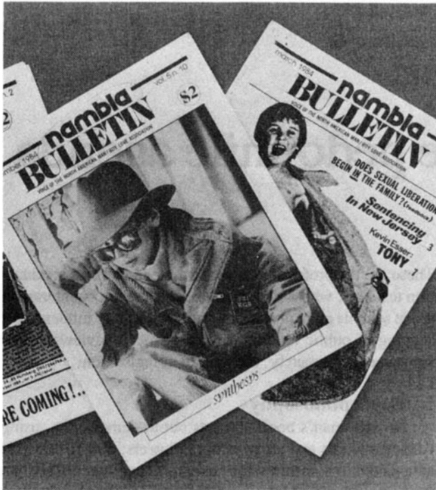
Child sex propoganda from the North American Man/Boy Love Association: no longer just on the lunatic fringe.
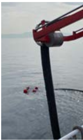
NORMAR 200 Ti
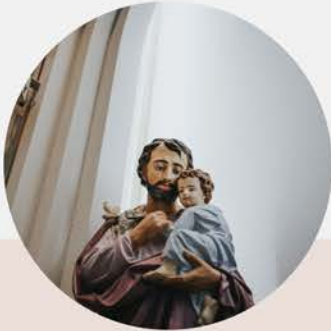
Before Mass: Prepare
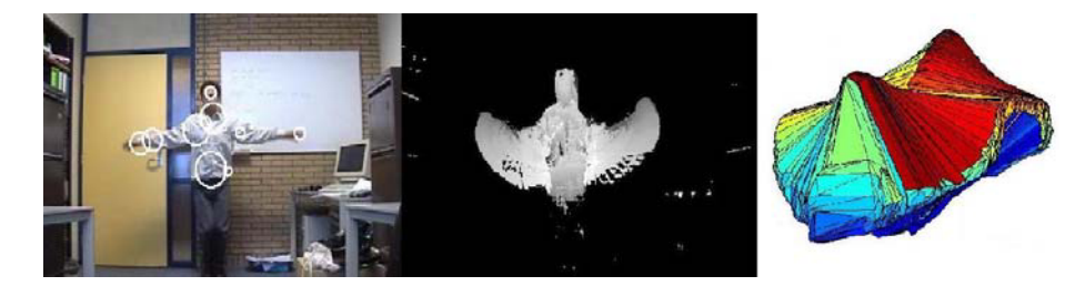
Fig. 5. Human body gesture recognition based on (left to right): spatio-temporal salient points, motion history (i.e., when and where motion occurred), and spatio-temporal shapes [53]

cues for decoding someone's affect/attitude [67], we suggest a much broader focus on machine recognition of these nonlinguistic vocal cues.
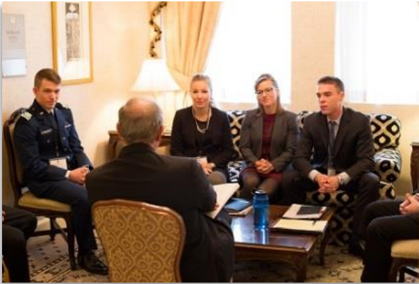
Steve Schwarzman speaking with candidates in New York City, November 2015

In December 2015, 116 candidates from around the world were selected to be a part of the inaugural class of Schwarzman Scholars. 111 candidates accepted the offer, giving the program a 94% yield on admit offers made. The first class of Schwarzman Scholars will matriculate in August.
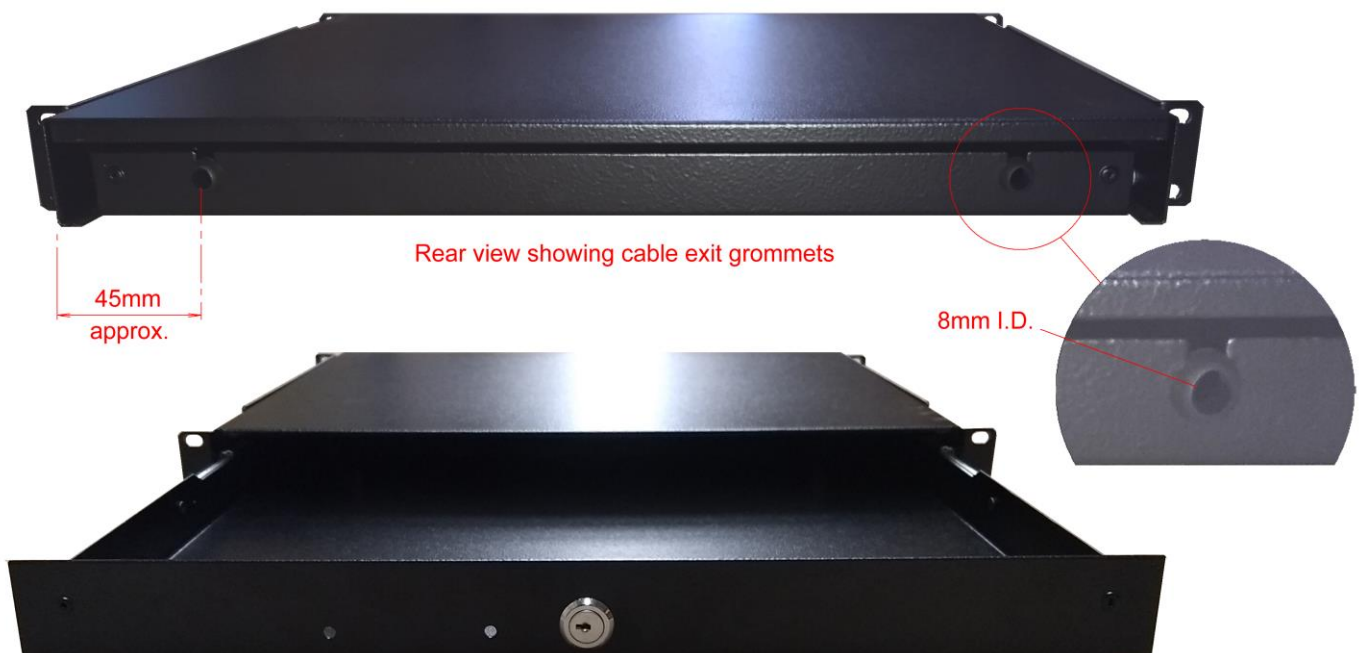
Rear view showing cable exit grommets

Pack of M6 rack bolts, cage nuts & washers.
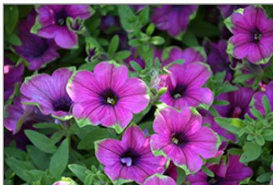
Supertunia Picasso In Purple Petunia flowers

Supertunia Picasso In Purple Petunia is a dense herbaceous annual with a trailing habit of growth, eventually spilling over the edges of hanging baskets and containers. Its medium texture blends into the garden, but can always be balanced by a couple of finer or coarser plants for an effective composition.
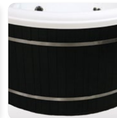
Stainless Steel Banding (only available on round models)
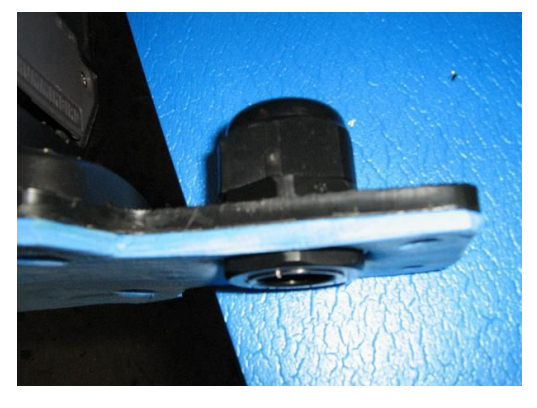
Step 4. Attach gland to base. Fully tighten bottom gland screw.

(Tip: Use the vise grip to hold bottom nut while tightening gland)
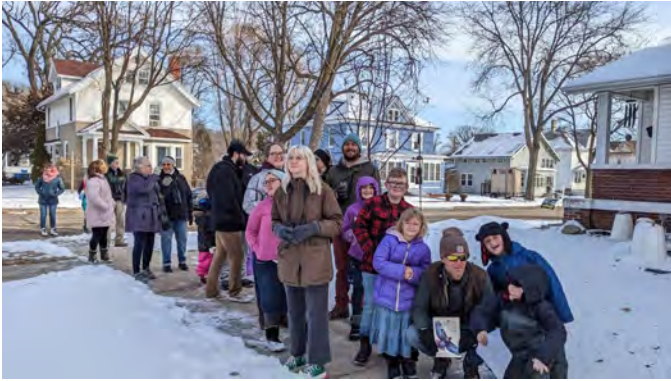
The group stopped to take a picture!

On a chilly, sunny Saturday in February, the library led an all-ages group of birding enthusiasts in a walk around the neighborhood to participate in the Great Backyard Bird Count. This citizen science project has been going on for 25 years and helps researchers understand global bird populations, so they can better conserve and protect birds.
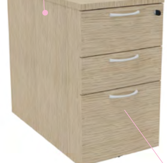
Desk high pedestal
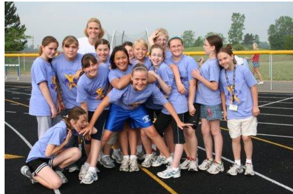
Springport Middle School Girls Quest
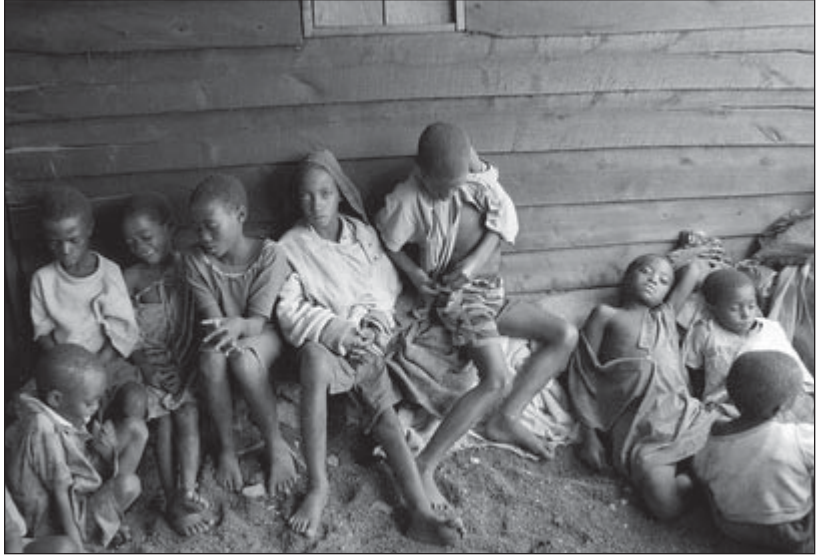
Children who fled the fighting in Rwanda rest in Ndosha camp in Goma.

actions is not a positive indication of international consensus that individuals cannot participate in such actions. Indeed, private actors have important attributes such as fewer political constraints, flexibility and agility in making decisions, and the ability to deny having national interests. Moreover, where states fail to take sufficient actions — as with the Rwanda RTLM case — private actors may be a victim's only remaining source of protection.
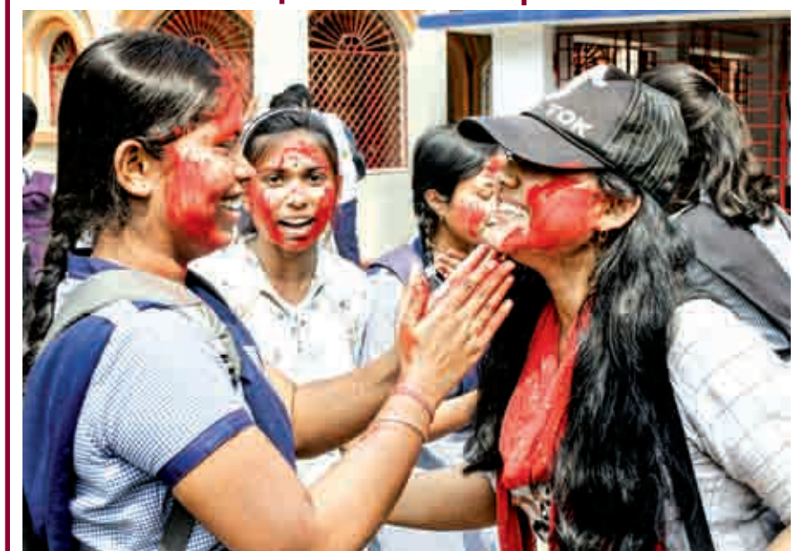
Class XIIth students celebrate on completion of their West Bengal Council of Higher Secondary Education (WBCHSE) exams, in Nadia district, Monday.
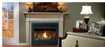
Solara ZCV3622 $1440.00 retail

Also new from Marquis is the Enerchoice approved ZCV Skyline ZCVRB3622. Both models are in stock at NWS now.
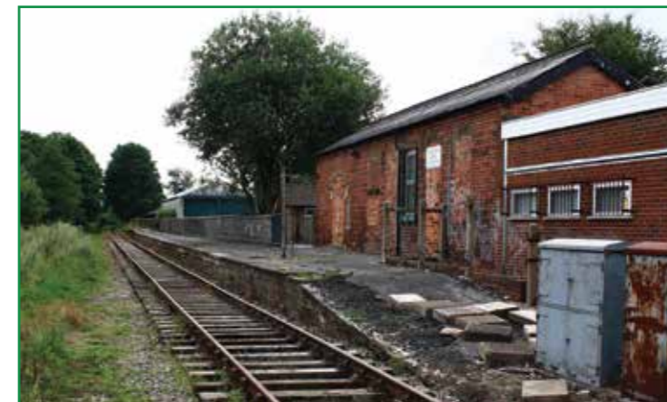
SURVIVOR WITH A FUTURE: Endon station slumbers on the Stoke-Leek line which lost its regular passenger services in 1956. The line has been leased from Network Rail by Moorland & City Railways, and some track clearance has already been done by the volunteers of the adjacent Churnet Valley Railway. A planning application to reinstate the rail line from Leekbrook (on the preserved Churnet Valley Railway) to Cornhill was made in November by Staffordshire Moorlands District Council, following a feasibility report on bringing the trains back to Leek. The cost of reinstating Leekbrook station and repairs at Cheddleton station was agreed earlier. Council leader Sybil Ralphs told The Sentinel newspaper: "The first stage is to bring the heritage railway line into Leek, then build the station at Barnfields. This will happen as I am very passionate about the railway line. Once the heritage line is in place we can look to future plans for taking the line to Stoke-on-Trent." Leek station closed to passengers in 1965

increase was recorded by the regional sector (3.5%) followed by long distance with 2.8%. However London and South East services once again showed a fall in passenger-kilometres, though the 0.8% drop was at least an improvement over the startling
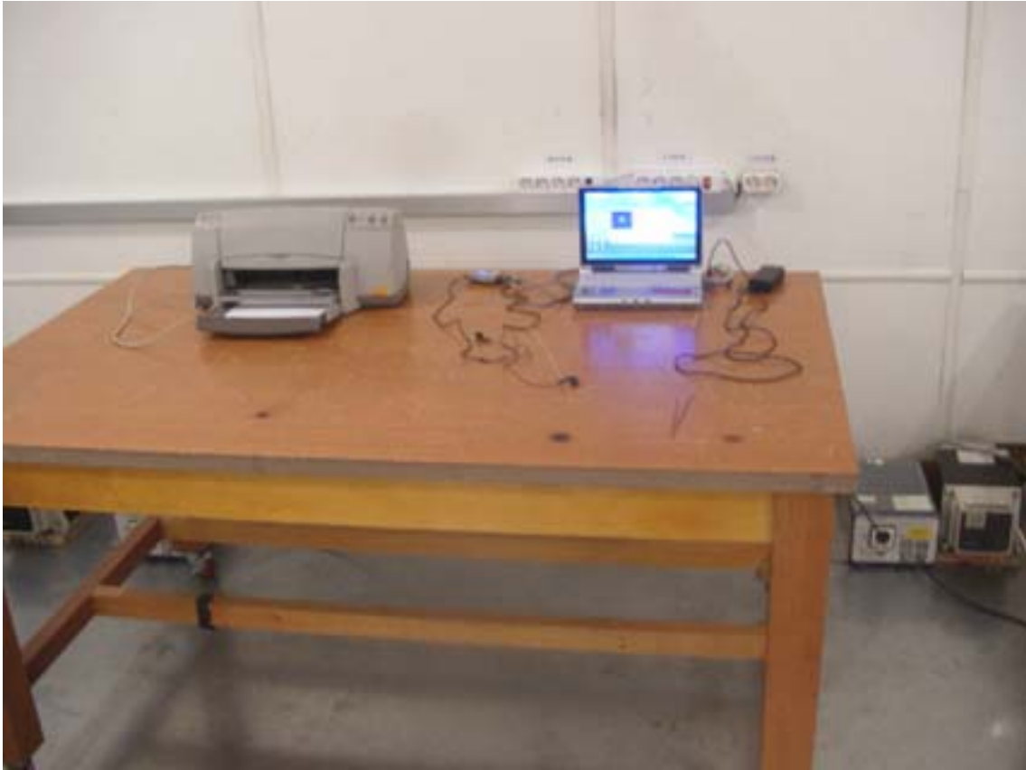
<FRONT PHOTO OF CONTINUOUS DISTURBANCE VOLTAGE >
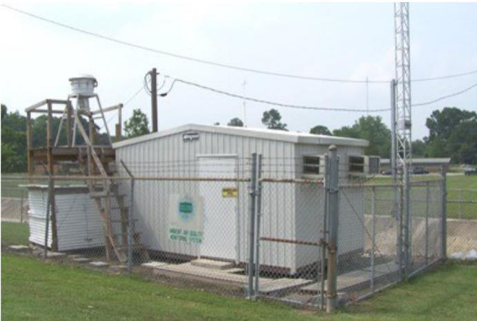
LSU AQS 22-033-0003.
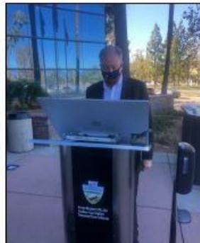
ATC invented these self-service property tax payment kiosks. They are contactless, speed up processing times, and promote social distancing.
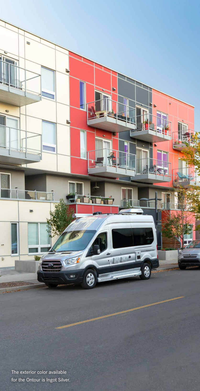
The exterior color available for the Ontour is Ingot Silver.
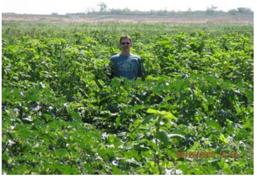
and the Johnson grass in field 101 is 4 to 5 feet

The weeds have continued to grow in both height and diameter of stalk. The pigweed in field 79 are at a height of 5 to 6 feet
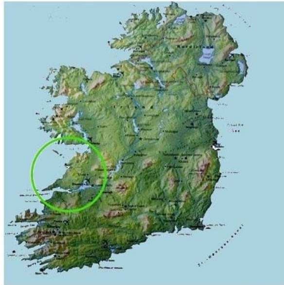
Figure 1: Map of Ireland highlighting County Clare (West Clare, 2021)

As the aim of this paper will be to determine the attitudes towards CNT by key tourism providers in County Clare, five Research Questions (RQ) have been identified, which should be met to fulfil this aim:
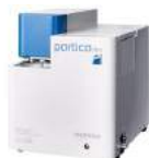
Horiba LA-350 Particle Analyser
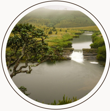
NUWARAELIYA / HORTAN PLAINS
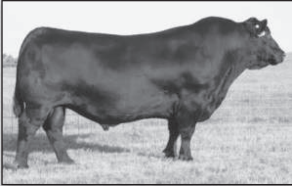
SAV 8180 Traveler 004 - Sire of Lot 54.

51 CR 7370 Booneville, MS 38829 662-728-4987 2 Bulls
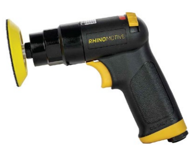
R1122 Mini Air Polisher
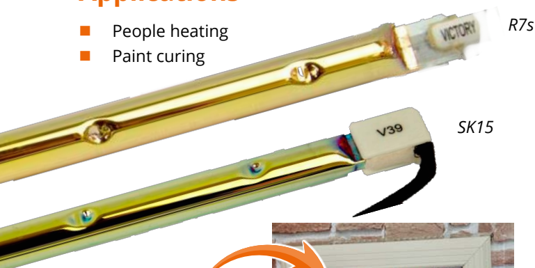
Low Glare Gold lamp
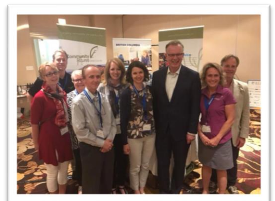
The CFBC Wavemakers Group with Minister Ralston
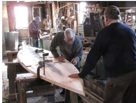
Build a dory in Lunenburg

The Dory Shop now offers dory building classes in Lunenburg. Held this year in Spring and again this October, the courses are open to those with basic woodworking skills.
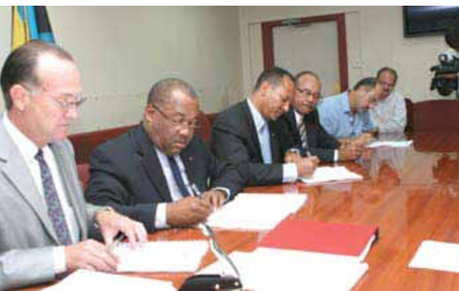
Contract signing for converting former Ansbacher House to courts.
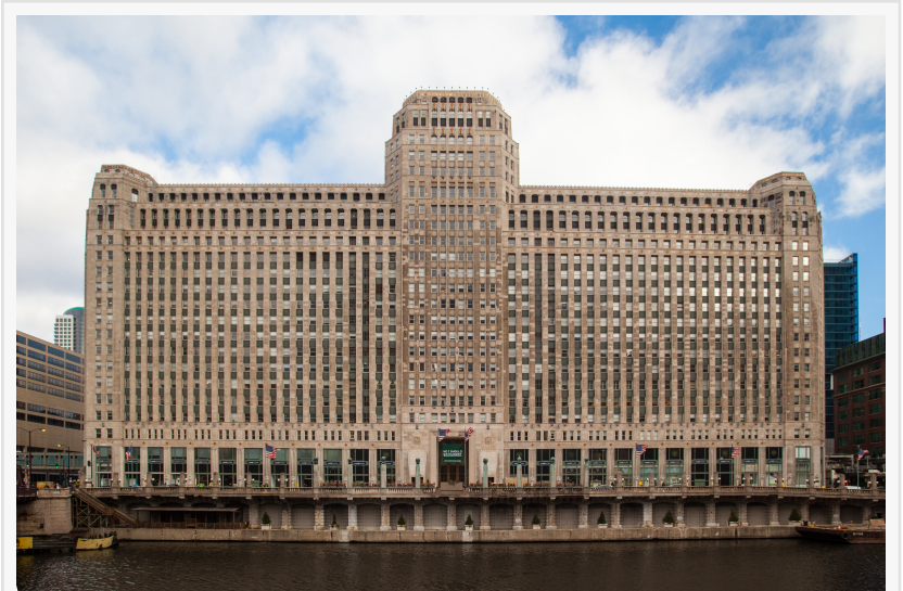
The Merchandise Mart

CHICAGO, IL, USA, October 2, 2021 /EINPresswire.com/ -- Formaspace executives announced the debut of its new permanent furniture showroom on the 11th floor of the Chicago Merchandise Mart (Suite 11-124), which will open its doors on October 4, 2021, as part of the NeoCon 2021 international furniture exposition.
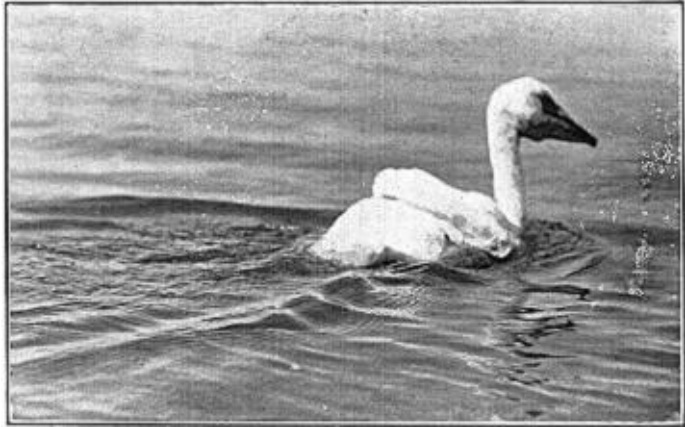
IN THE SWIM AT AN EARLY AGE

pitched awkwardly in and alighted near by and several young birds waddled forward to meet her. She caught sight of a piece of partly dried fish that had been disgorged, grasped it in her bill and tossed it away before one of the youngsters could grab it. One of the other birds rushed for it, but she was ahead and threw it as far as she could again, and the third time she
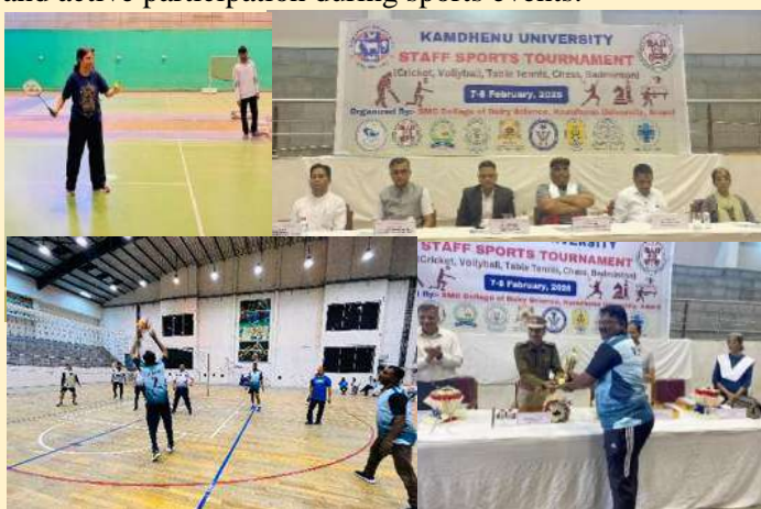
Active participation of staff members in sports
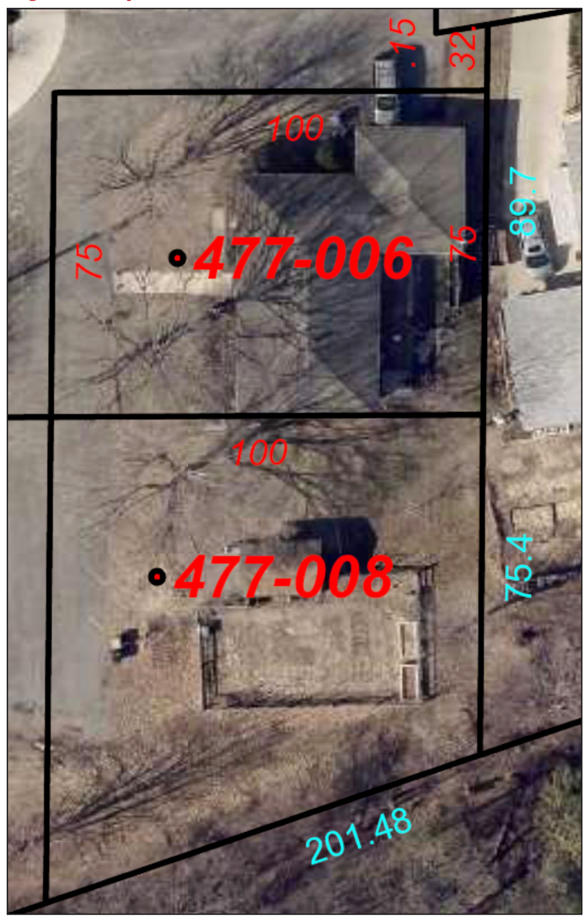
https://beacon.schneidercorp.com/Application.aspx? AppID=387& LayerID=5678& PageID=1& PageID=0

##########

§ HOW TO COMPLETE THIS TASK: Search the records above for "available" and copy every line that has it.

§ ANSWER AREA:
Stainless Steel Banding (only available on round models)
The exterior color available for the Ontour is Ingot Silver.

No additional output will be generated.